START EXERCISE DATA

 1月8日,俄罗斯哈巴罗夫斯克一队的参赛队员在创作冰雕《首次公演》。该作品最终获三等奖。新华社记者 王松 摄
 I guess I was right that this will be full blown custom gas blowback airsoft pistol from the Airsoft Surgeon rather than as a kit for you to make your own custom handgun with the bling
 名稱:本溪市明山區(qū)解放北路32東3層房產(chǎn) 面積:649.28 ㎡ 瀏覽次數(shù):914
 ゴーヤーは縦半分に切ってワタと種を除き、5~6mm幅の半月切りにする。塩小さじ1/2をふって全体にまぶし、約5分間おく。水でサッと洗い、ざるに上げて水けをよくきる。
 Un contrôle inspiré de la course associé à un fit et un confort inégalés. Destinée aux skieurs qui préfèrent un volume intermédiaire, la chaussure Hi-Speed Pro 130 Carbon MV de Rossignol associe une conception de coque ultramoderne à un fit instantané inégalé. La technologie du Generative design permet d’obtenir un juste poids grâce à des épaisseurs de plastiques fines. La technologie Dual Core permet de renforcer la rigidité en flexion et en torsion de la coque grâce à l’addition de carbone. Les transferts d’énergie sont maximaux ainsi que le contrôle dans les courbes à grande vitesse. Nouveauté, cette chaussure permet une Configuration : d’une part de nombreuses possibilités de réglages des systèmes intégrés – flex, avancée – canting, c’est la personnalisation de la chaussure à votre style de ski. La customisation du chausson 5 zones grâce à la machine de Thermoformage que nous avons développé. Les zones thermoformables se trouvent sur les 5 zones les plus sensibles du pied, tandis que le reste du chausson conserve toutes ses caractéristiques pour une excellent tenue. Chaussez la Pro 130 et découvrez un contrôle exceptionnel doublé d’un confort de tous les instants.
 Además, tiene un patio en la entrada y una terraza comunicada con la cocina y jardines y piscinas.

END EXERCISE DATA
START EXERCISE DATA

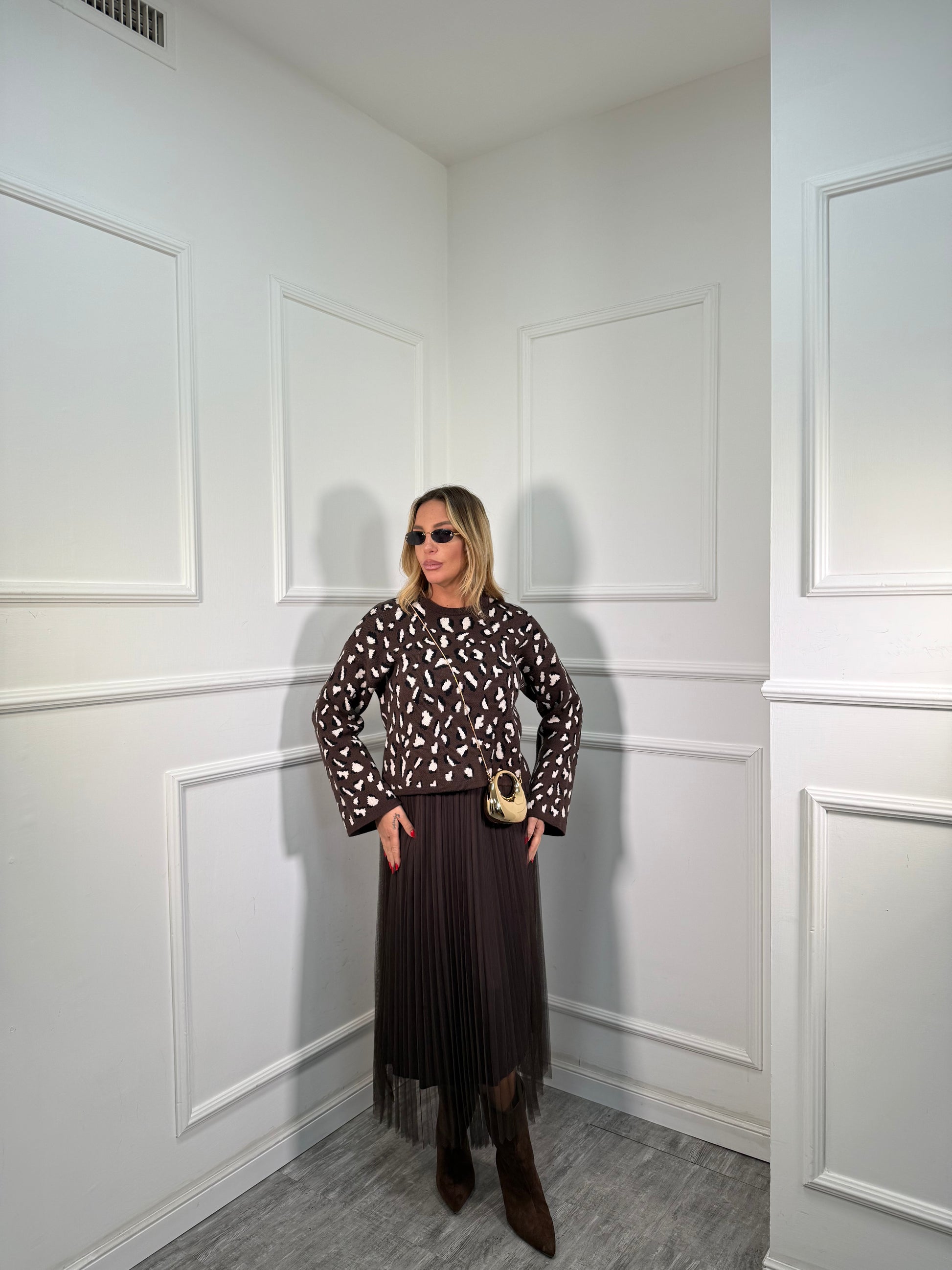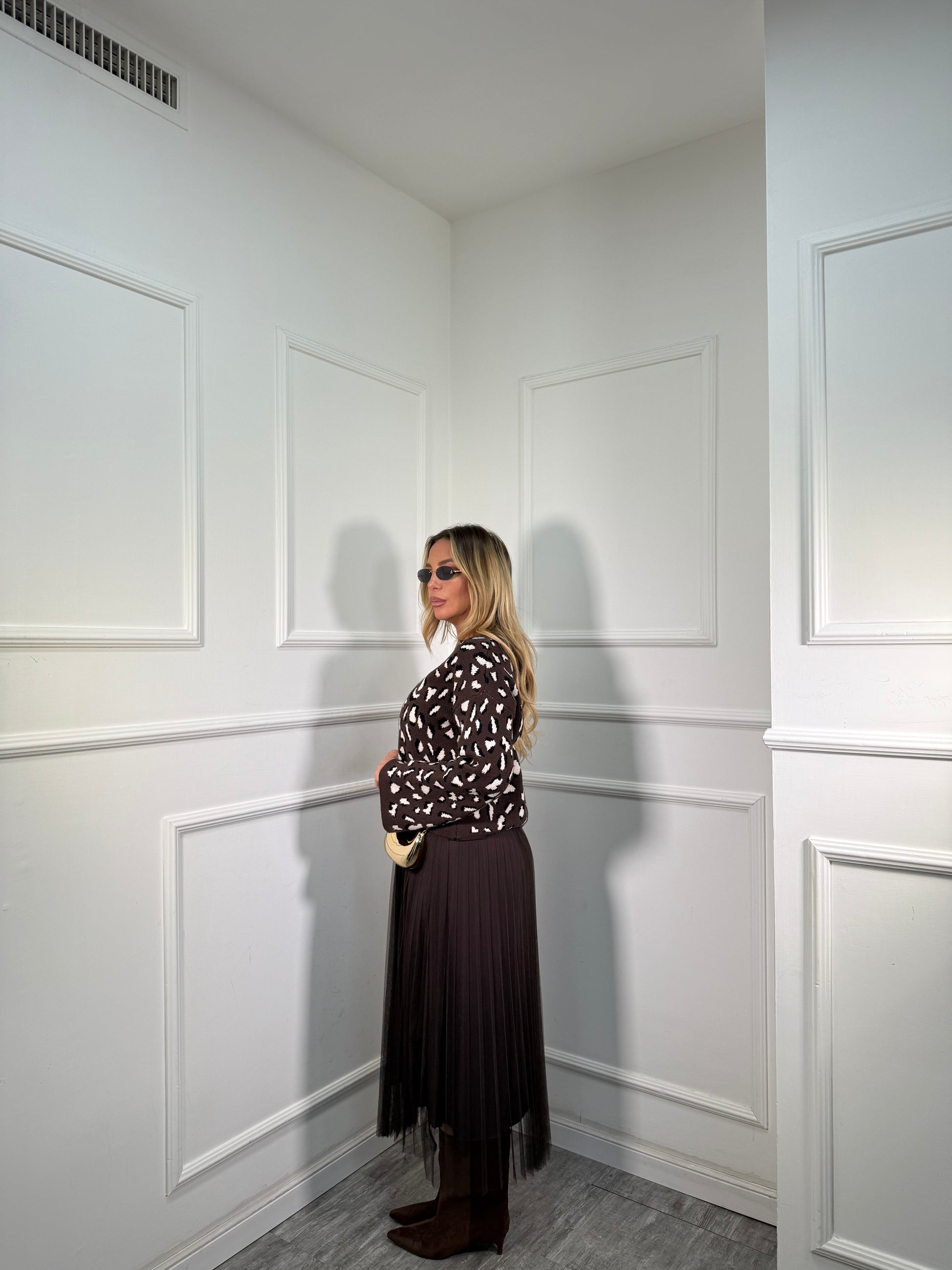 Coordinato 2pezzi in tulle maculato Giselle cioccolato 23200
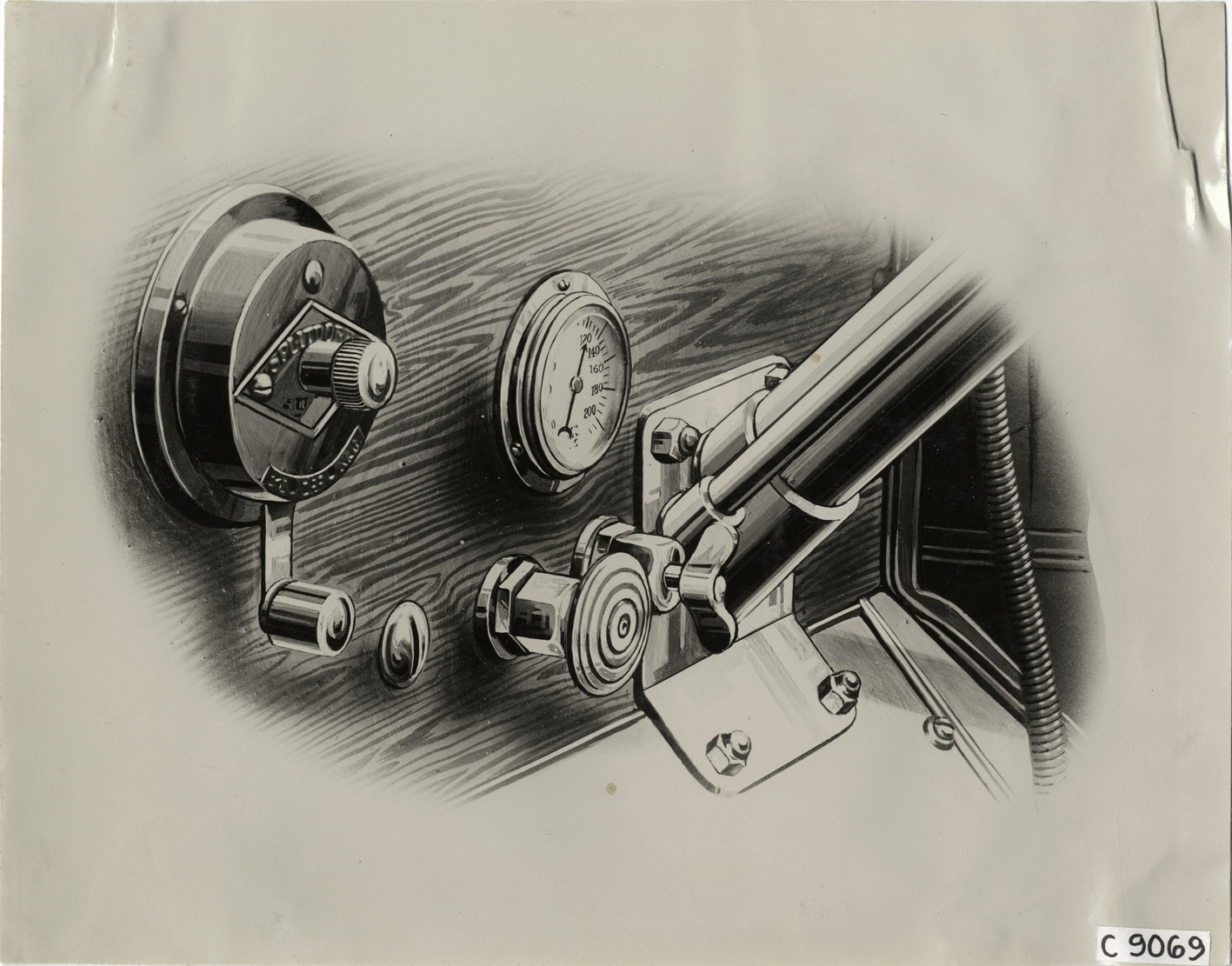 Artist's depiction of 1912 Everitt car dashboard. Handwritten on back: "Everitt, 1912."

END EXERCISE DATA
START EXERCISE DATA

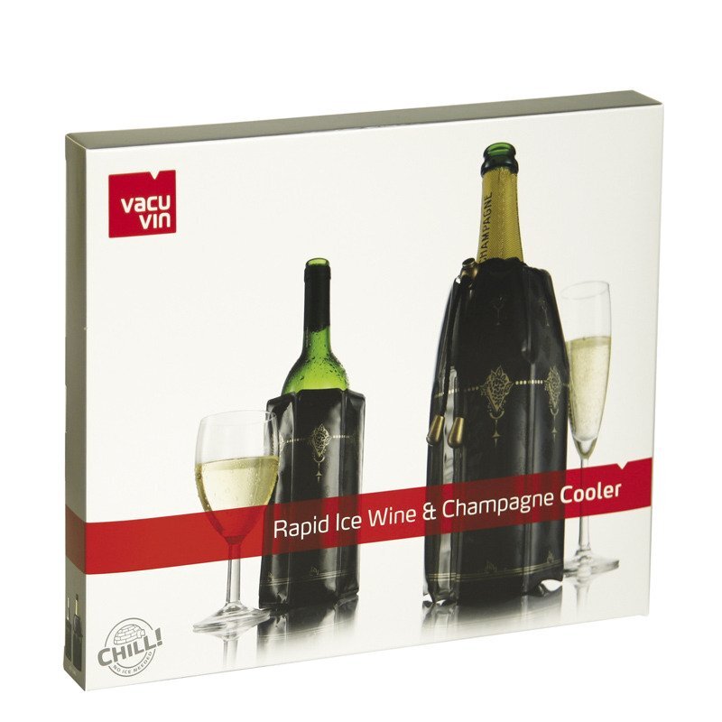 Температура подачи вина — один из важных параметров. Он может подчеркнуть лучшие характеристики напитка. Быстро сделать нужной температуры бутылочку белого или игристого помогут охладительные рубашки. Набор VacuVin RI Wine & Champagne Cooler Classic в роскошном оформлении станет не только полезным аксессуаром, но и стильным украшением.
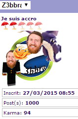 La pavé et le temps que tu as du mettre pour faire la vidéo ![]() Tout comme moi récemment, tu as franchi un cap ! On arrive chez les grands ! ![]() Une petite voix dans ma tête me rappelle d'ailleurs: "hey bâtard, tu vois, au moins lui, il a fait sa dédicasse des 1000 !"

END EXERCISE DATA

EXERCISE BRIEF
Above are the lines; repeat exactly the ones from the line containing "I guess I was" down to the line containing "ゴーヤーは縦半分に切ってワタ", both inclusive.

EXERCISE SOLUTION
 I guess I was right that this will be full blown custom gas blowback airsoft pistol from the Airsoft Surgeon rather than as a kit for you to make your own custom handgun with the bling
 名稱:本溪市明山區(qū)解放北路32東3層房產(chǎn) 面積:649.28 ㎡ 瀏覽次數(shù):914
 ゴーヤーは縦半分に切ってワタと種を除き、5~6mm幅の半月切りにする。塩小さじ1/2をふって全体にまぶし、約5分間おく。水でサッと洗い、ざるに上げて水けをよくきる。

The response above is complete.